Frequently-asked questions

Performance, payment and service bonds are vital to the construction and service industry. They act as insurance for the project owner that you can complete the project and honor all your financial obligations. Knowing what bonds are, how they work and how to use them can be very confusing for business. That’s why we are happy to provide a list of frequently asked questions about performance, payment and services bonds along with a broad variety of other bonds you might need to further your success in business.

1. DOES MY COMPANY QUALIFY?
We can generally answer this question when we receive three items: Contractor’s Questionnaire, Corporate year-end Balance Sheet and P&L, and Personal Financial Statement for all owner(s)/spouse(s). We will eventually need the balance of the required information. However, these three items cover the primary qualification.
2. WHAT SIZE CONTRACT DO WE QUALIFY FOR?
There are multiple answers for this question. Some deal with the size of your company’s largest completed project. There are surety programs that, with proper documentation, may allow approval to bid projects anywhere from 1.5x to 3x larger than your largest completed project.
3. HOW QUICKLY CAN OUR COMPANY COMPLETE THE PROCESS?
After we receive all required documents in-hand, we can process the application with the surety and respond to the contractor within 48 hours.
4. WHAT IS THE BEST METHOD TO CONTACT NATIONAL SURETY SERVICES?
Give us a call, we’re old school. Call 800-953-6699 or 770-394-9444. Just ask for someone to help you with a bonding question.
5. WHAT IF THE OWNER(S)/SPOUSE(S) HAVE POOR PERSONAL CREDIT?
We can generally answer this question when we receive three items: Contractor’s Questionnaire, Corporate year-end Balance Sheet and P&L, and Personal Financial Statement for all owner(s)/spouse(s). We will eventually need the balance of the required information. However, these three items cover the primary qualification.
6. WHAT IS A BID BOND?
It is a written guaranty from a third party guarantor which is usually an insurance (surety) company. The bid bond is submitted to the project owner by a contractor (bidder). The bid bond ensures that if the project owner accepts the contractors bid (usually the low bid), the contractor will proceed with entering into the actual contract with the owner, provide all required insurance coverage and will replace the bid bond with a performance and/or payment bond. If the contractor (bidder), declines to enter in the contract or is unable to satisfy any of the contract requirements, it opens the possibility of the surety paying the project owner the difference between the contractor’s bid and the next highest bidder subject to the penal sum of the bid bond.

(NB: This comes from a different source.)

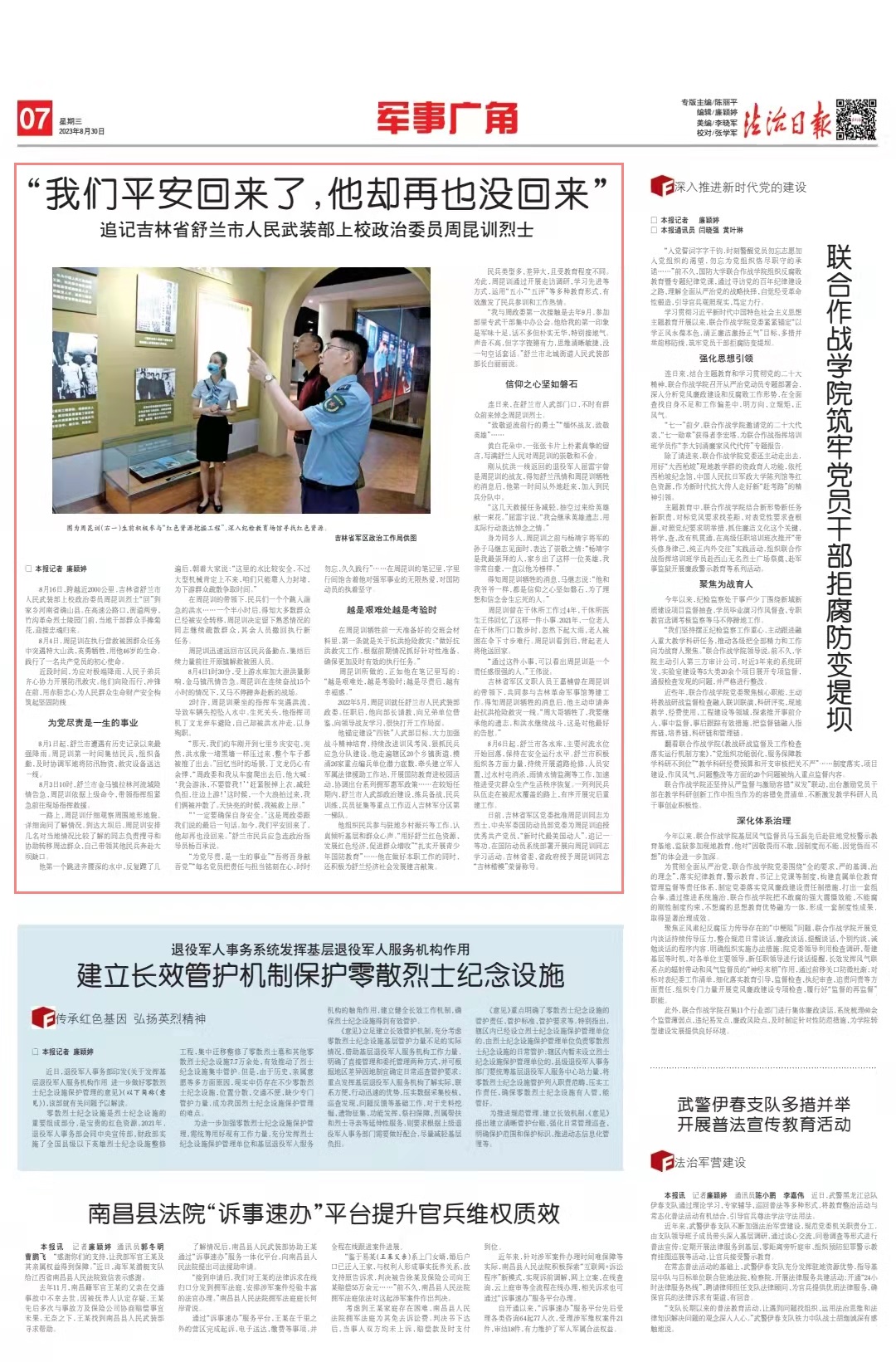 “我與周政委第一次接觸是去年9月,參加部里專(zhuān)武干部集中辦公會(huì)。他給我的第一印象是軍味十足,話不多但樸實(shí)無(wú)華,特別接地氣。聲音不高,但字字鏗鏘有力,思維清晰敏捷,沒(méi)一句空話套話?!笔嫣m市北城街道人民武裝部部長(zhǎng)白麗麗說(shuō)。

7. WHAT IS A PAYMENT BOND?
A guaranty issued by an insurance company (Surety) that assumes all liability that the contractor will pay all its employees, suppliers, subcontractors, and others creditors on time and in full. In many situations second and third tier vendors and subcontractors are also guaranteed under this bond. These are also referred to as contract payment bonds.
8. WHAT IS A PERFORMANCE BOND?
A written guaranty issued by an insurance company (surety) that guarantees all the provision of the contract and all items pertaining to the contract. A performance bond ensures payment of a sum (not exceeding a stated maximum) to the project owner should the contractor fail in the full performance of the contract. Performance bonds are usually issued in the amount of 100 percent of the contract price.